Clean up those gutters

Between the buildup of dirt, debris, and falling leaves, it's almost too easy for your gutters, downspouts, and eavestroughs to become clogged. Blocked gutters can lead to damaged exteriors, rust and corrosion, and freezing and cracking when the snow starts to arrive. Fall is the perfect time to clean them before your roof becomes too slippery and mud starts to harden. If you want an easy tip, try using an old plastic spatula to clean the gutters. It avoids scratching, contours to the shape of the gutter and grime can wipe right off of it too! And while you're up there, take a look for any damaged shingles that you might need to replace.

Drain outdoor faucets

Close any shut-off valves and open your outside faucets to help drain the lines. This also goes for any hoses or sprinklers. If there is any water remaining in the lines, it can freeze, expand, and can even burst and cause serious damage. Depending on how much water was in the lines, you might not even notice until next spring. As for hoses, once drained you can curl them up and find a place to store them away such as the garage or shed.

Sweep the chimney

Even if you only use your fireplace occasionally, you should always check it annually for damage or potential hazards. Some things to look out for is buildup of creosote in the flume. What is creosote? It's a flammable by-product from burning wood. If it accumulates too much, it can lead to a devastating fire. If you shine a flashlight up your chimney and notice a build up of any deposits around 1/8 inch thick, you should call a chimney sweep and get it professionally cleaned. It's also always important to make sure there is no damage to the damper, flu, or chimney itself and to keep an eye out for blockage like bird's nests.

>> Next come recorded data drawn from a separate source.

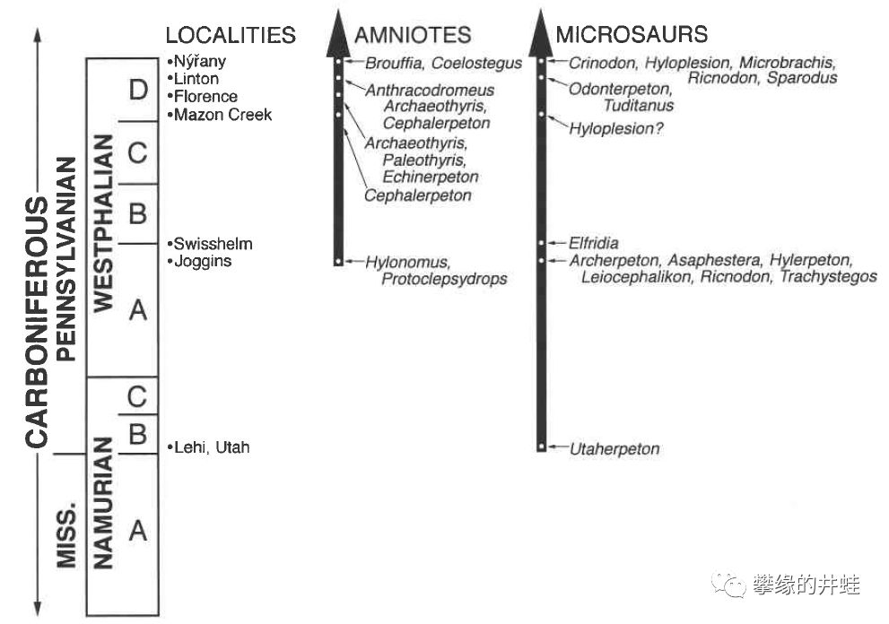 早期羊膜动物(左箭头)和鳞鲵类(右箭头)的生存时间和化石产地,图片来源自[15]。目前发现的最早的鳞鲵Utaherpeton的生存时间要早于林蜥Hylonomus和Protoclepsydrops(可能是最早的合弓纲动物)。“明明是我先的啊!”
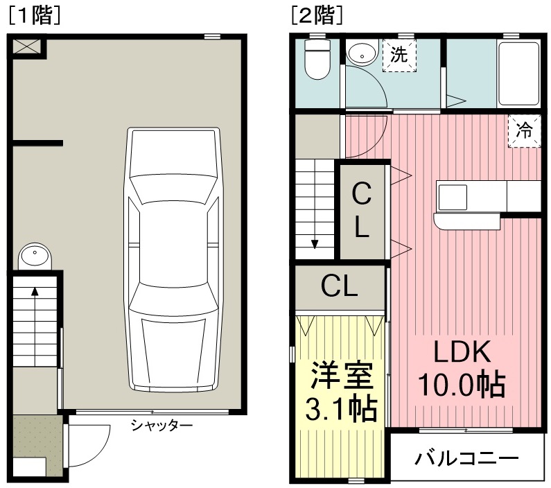 | B | 1LDK | 67.33㎡(ガレージ専有面積を含む) | ガレージ幅3.45m×奥行6.8m | ー | シャッター幅2.8m×高さ2.2m | 入居中 | ||
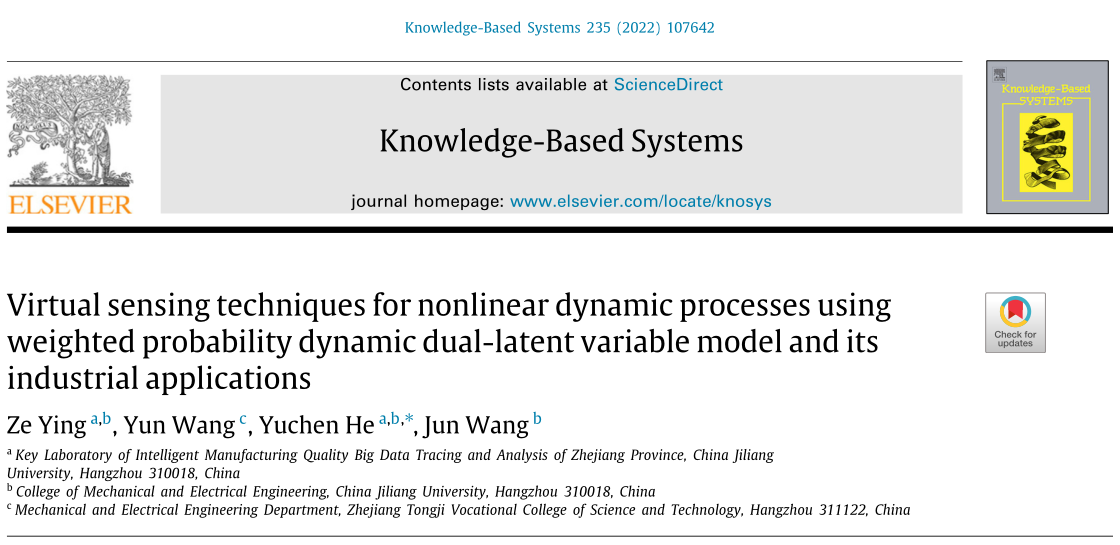 近日,中國計量大學(xué)機電工程學(xué)院何雨辰副教授團隊題為“Virtual sensing techniques for nonlinear dynamic processes using weighted probability dynamic dual-latent variable model and its industrial applications”(基于質(zhì)量相關(guān)加權(quán)概率動態(tài)隱變量結(jié)構(gòu)的非線性動態(tài)工業(yè)過程軟測量方法及其實例應(yīng)用)的研究論文在人工智能頂級期刊Knowledge-Based Systems在線發(fā)表。通訊作者為何雨辰副教授,第一作者為本校研究生應(yīng)澤。
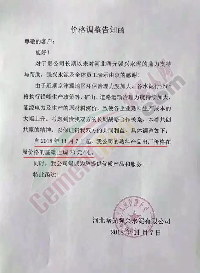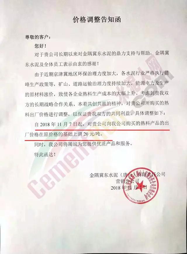 水泥人網通訊員消息:金隅冀東(唐山)有限責任公司營銷分公司、河北曙光強興水泥有限公司等企業(yè)于11月6日晚間發(fā)布《價格調整告知函》稱將于今日(11月7日)起,上調熟料出廠價,調價幅度20元/噸。 《價格調整告知函》稱,由于近期京津冀地區(qū)環(huán)保治理力度加大,各水泥行業(yè)嚴格執(zhí)行錯峰生產政策。礦山、道路運輸治理力度持續(xù)加大,能源電力及生產的原材料漲價,致使各企業(yè)熟料生產成本大幅上升。 因此上調熟料出廠價格。價格調整告知函原文如下:
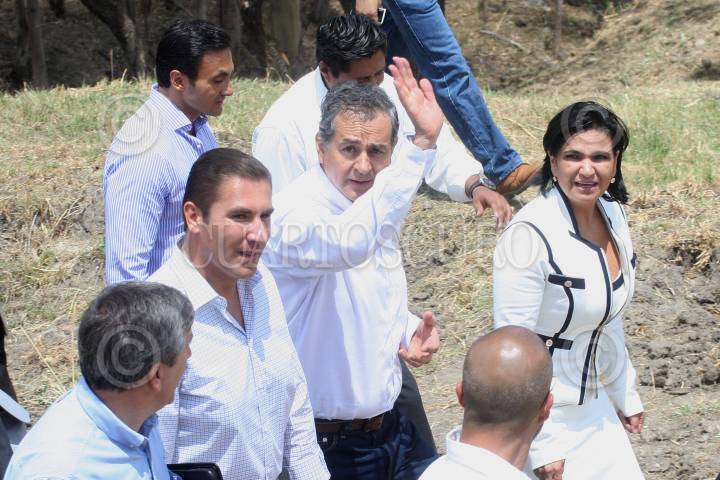 SAN ANDRÉS CHOLULA, PUEBLA, 04MAYO2011.- Rafael Moreno Valle, gobernador del estado junto al secretario de Medio Ambiente y Recursos Naturales, Rafael Elvira Quesada, inauguraron el Módulo de Información del Río Atoyac, que es un centro itinerante de difusión y promoción del rescate de la cuenca del río Atoyacel, posteriormente los funcionarios realizaron un recorrido en lo que será la construcción del Paseo del Río Atoyac que contará con una inversión de 157 millones de pesos por parte del estado y con una inversión de 100 millones provenientes de la federación. FOTO: FRANCISCO GUASCO/CUARTOSCURO.COM

Change your furnace filter

Changing your furnace filter is one of the easiest things you can do to keep your furnace in good shape. The worst thing that can happen in winter is losing your furnace so keeping up with annual maintenance is always important. If you haven't changed it in a while, take a look at the current condition of the filter and see how dirty it is and if you need to be using a fresh one. A good rule of thumb is to change 1-2 inch filters every three months, 4 inch filters every six months and 5 inch filters every 12 months. And for aging furnaces, the average lifespan of a gas furnace is 15-20 years so always plan ahead especially before the seasons change.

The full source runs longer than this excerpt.